[SOURCE RECORDS — start]

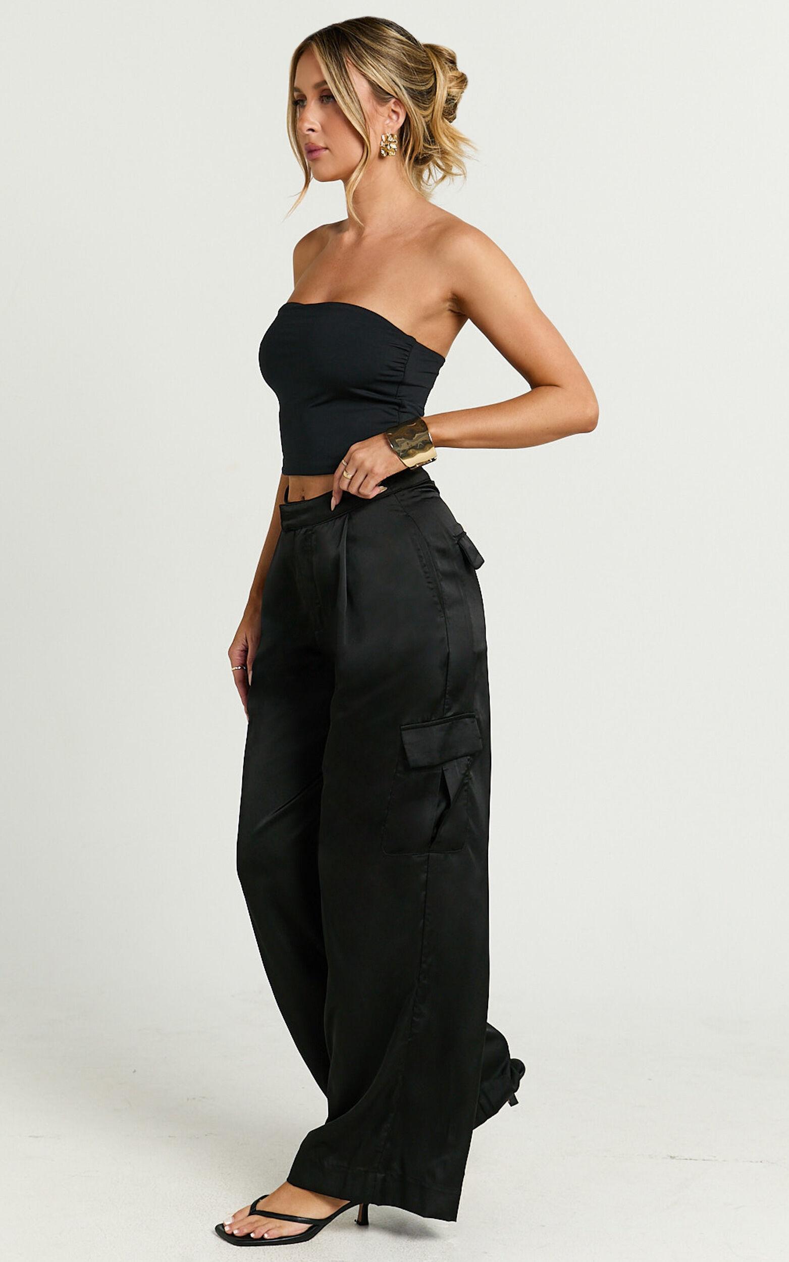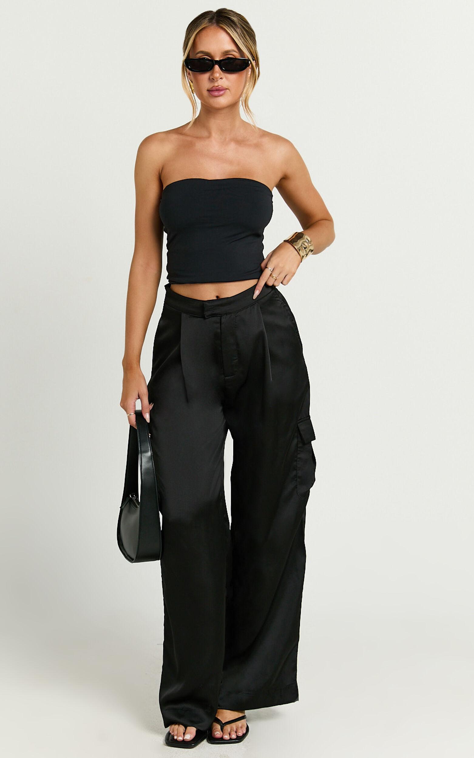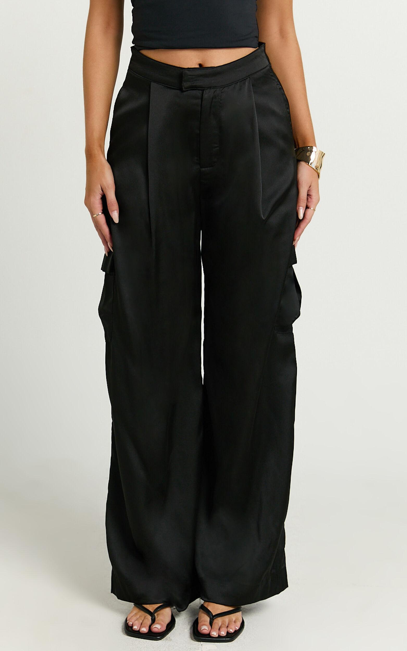 Make a bold statement and amp up your wardrobe with our Amie Pants - your new go-to for an effortlessly chic vibe. Crafted with sleek black satin and precision tailoring, these high waist cargo pants embody elegance with an edge. Whether it's a casual hangout or the pulse of a party day, these full-length trousers are a perfect choice for any event on your calendar.Product Details:Tailored PantsSatin FabricParty DayFull LengthMid WaistPolyester MaterialSize and FitSize S / 8 length: 108.5cm / 42.72inMaterial and Care100% PolyesterLow / No stretch
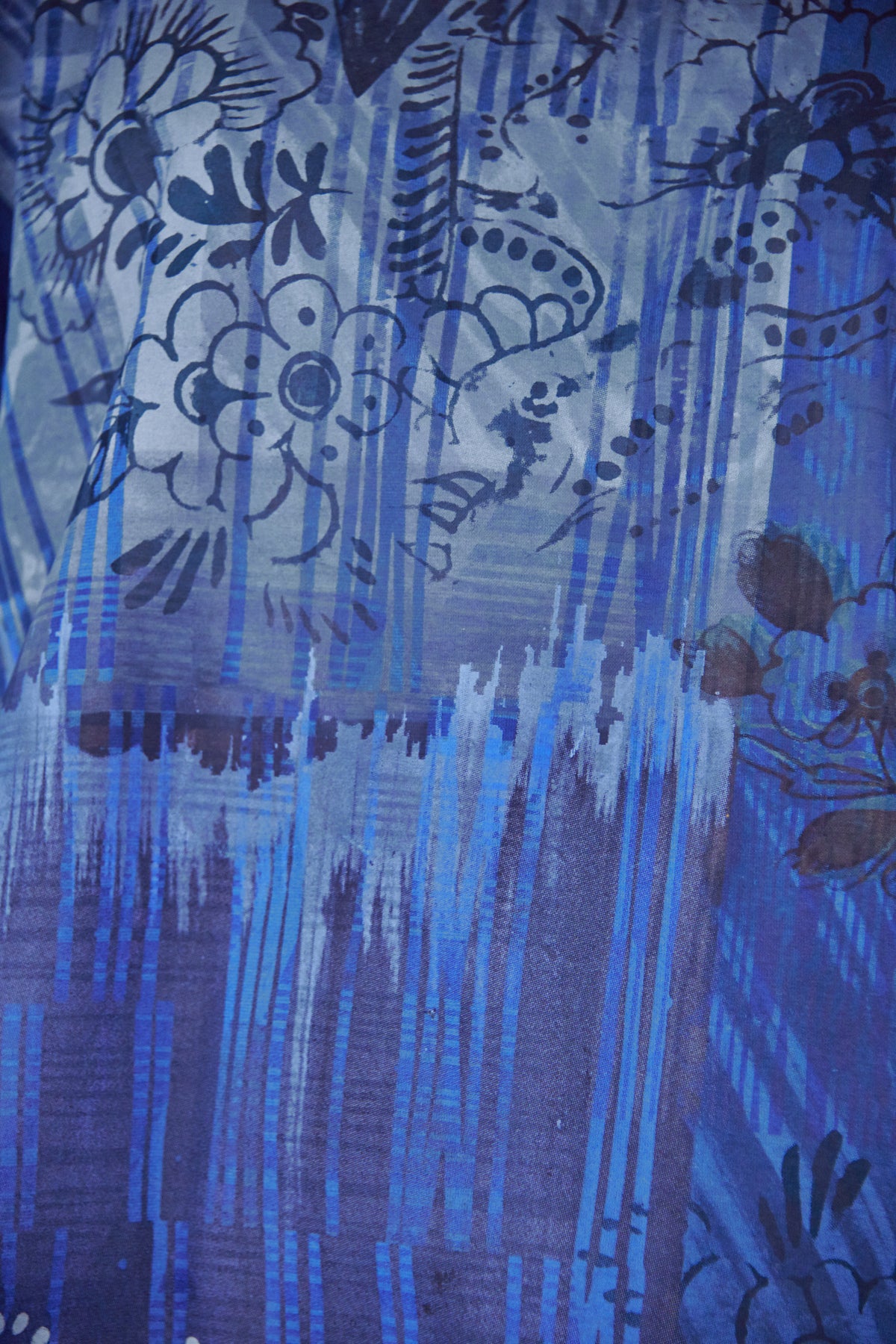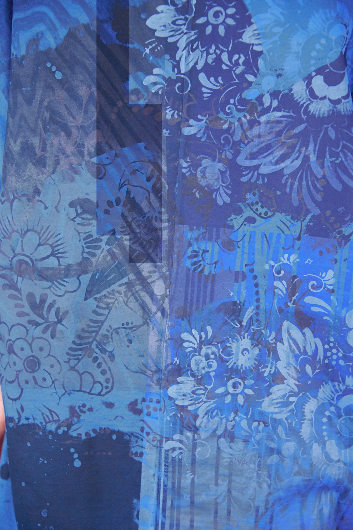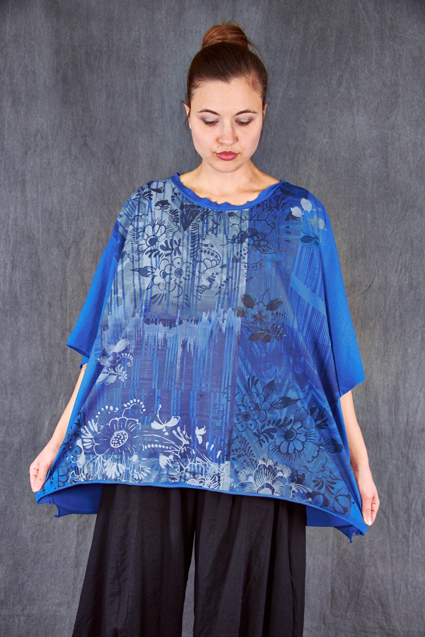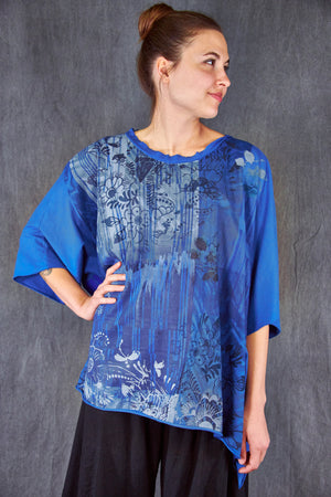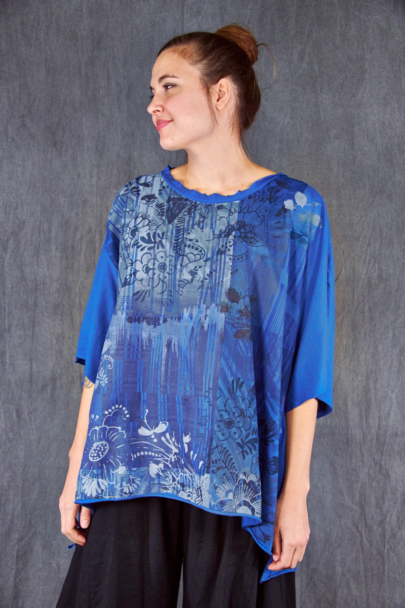 Hand printed/painted designs inspired by digs where multi- shades of blue painted pottery have been unearthed- buried treasure! A light and airy slight hi/lo with a soft double raw edge color, a wide one size essential summer tee.
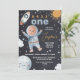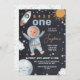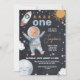 Primer viaje por el espacio negro alrededor del sol Invitación al primer cumpleaños Cute la invitación de un niño al espacio exterior con tema de primer cumpleaños que incluye una nave espacial, varias estrellas, planeta y sol, así como un astronauta con una foto dentro del casco espacial. Este primer viaje alrededor de la invitación para el cumpleaños del sol es una forma muy agradable de invitar a los huéspedes a una fiesta de primer cumpleaños con temática de espacio exterior.
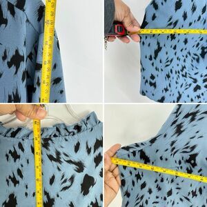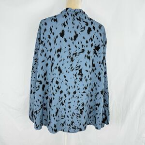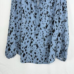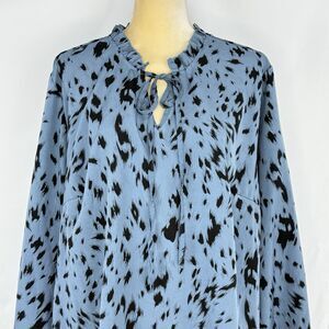 Womens Plus Size 3XL Allover Print Tie Neck Blouse Long Sleeves Dusty Blue
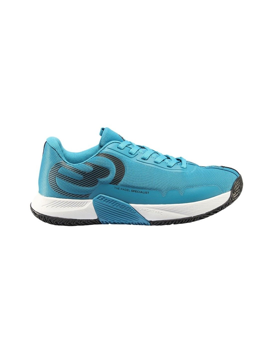 Entdecke die Bullpadel Next Pro 23V in einem lebhaften Hellblau. Diese Schuhe für Padel sind so konzipiert, dass sie dir dank ihres zentralen TPU-Stabilisators überlegene Stabilität bieten und jeden Schritt auf dem Platz fest und sicher machen.
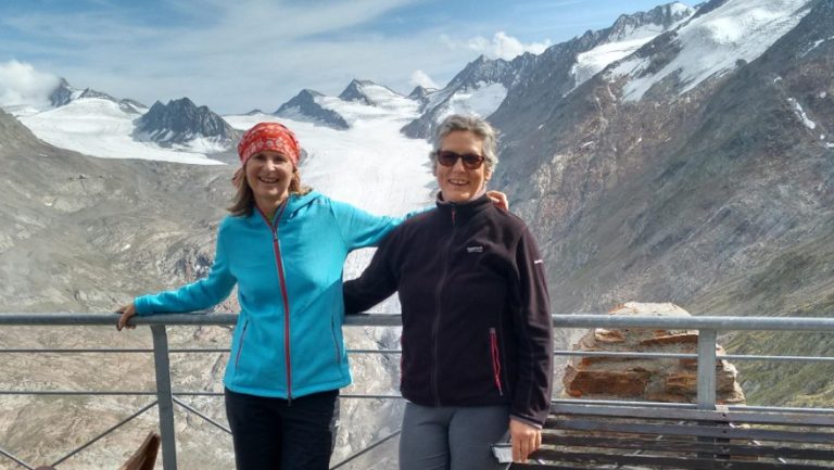 Zwei Frauen, eine sitzt im Rollstuhl
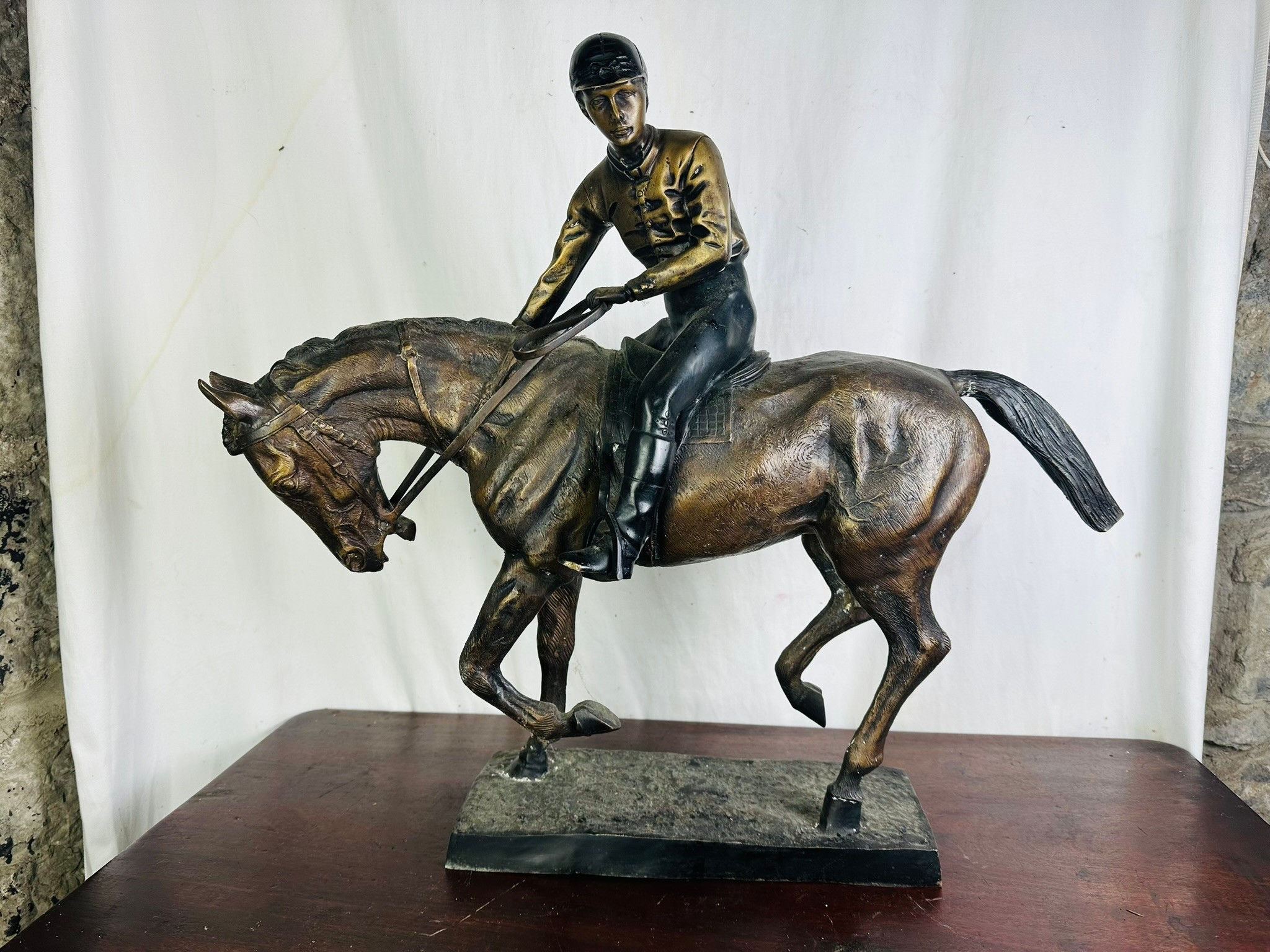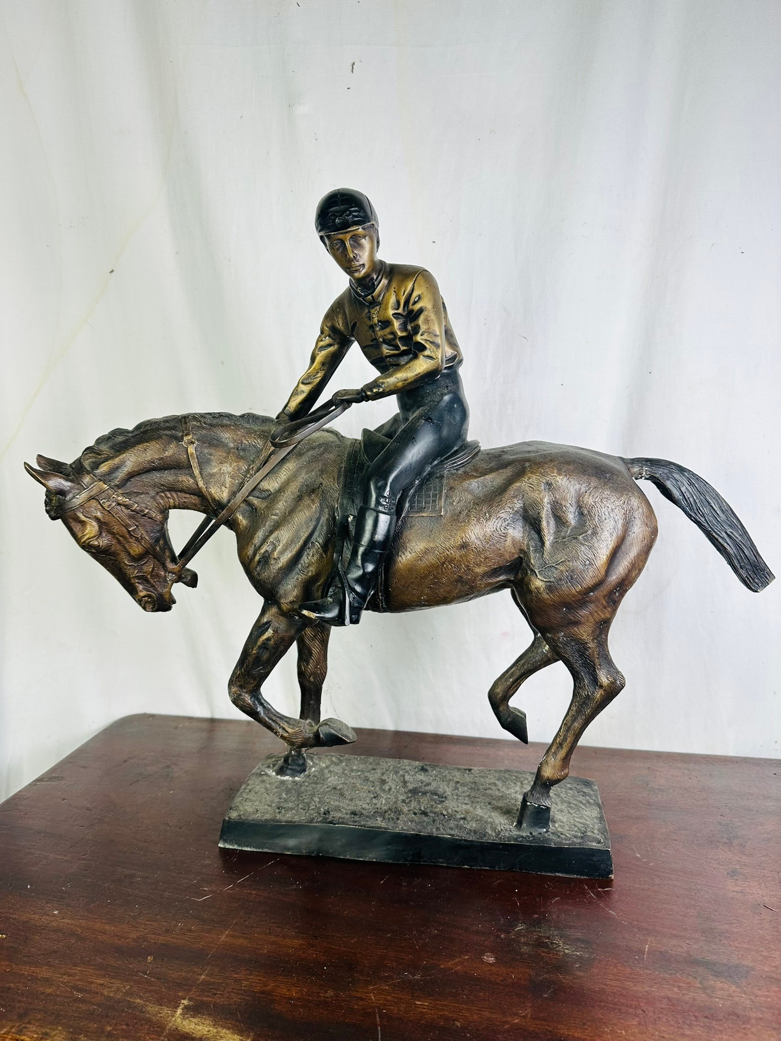 A large impressive sculpture of a horse and jockey, often referred to as '' le Grand Jockey'', 21''h x 24''l

[SOURCE RECORDS — finish]

§ WHAT YOU HAVE TO DO: Reproduce each entry exactly as written, but leave out the images.

§ RESULT BELOW:
 Make a bold statement and amp up your wardrobe with our Amie Pants - your new go-to for an effortlessly chic vibe. Crafted with sleek black satin and precision tailoring, these high waist cargo pants embody elegance with an edge. Whether it's a casual hangout or the pulse of a party day, these full-length trousers are a perfect choice for any event on your calendar.Product Details:Tailored PantsSatin FabricParty DayFull LengthMid WaistPolyester MaterialSize and FitSize S / 8 length: 108.5cm / 42.72inMaterial and Care100% PolyesterLow / No stretch
 Hand printed/painted designs inspired by digs where multi- shades of blue painted pottery have been unearthed- buried treasure! A light and airy slight hi/lo with a soft double raw edge color, a wide one size essential summer tee.
 Primer viaje por el espacio negro alrededor del sol Invitación al primer cumpleaños Cute la invitación de un niño al espacio exterior con tema de primer cumpleaños que incluye una nave espacial, varias estrellas, planeta y sol, así como un astronauta con una foto dentro del casco espacial. Este primer viaje alrededor de la invitación para el cumpleaños del sol es una forma muy agradable de invitar a los huéspedes a una fiesta de primer cumpleaños con temática de espacio exterior.
 Womens Plus Size 3XL Allover Print Tie Neck Blouse Long Sleeves Dusty Blue
 Entdecke die Bullpadel Next Pro 23V in einem lebhaften Hellblau. Diese Schuhe für Padel sind so konzipiert, dass sie dir dank ihres zentralen TPU-Stabilisators überlegene Stabilität bieten und jeden Schritt auf dem Platz fest und sicher machen.
 Zwei Frauen, eine sitzt im Rollstuhl
 A large impressive sculpture of a horse and jockey, often referred to as '' le Grand Jockey'', 21''h x 24''l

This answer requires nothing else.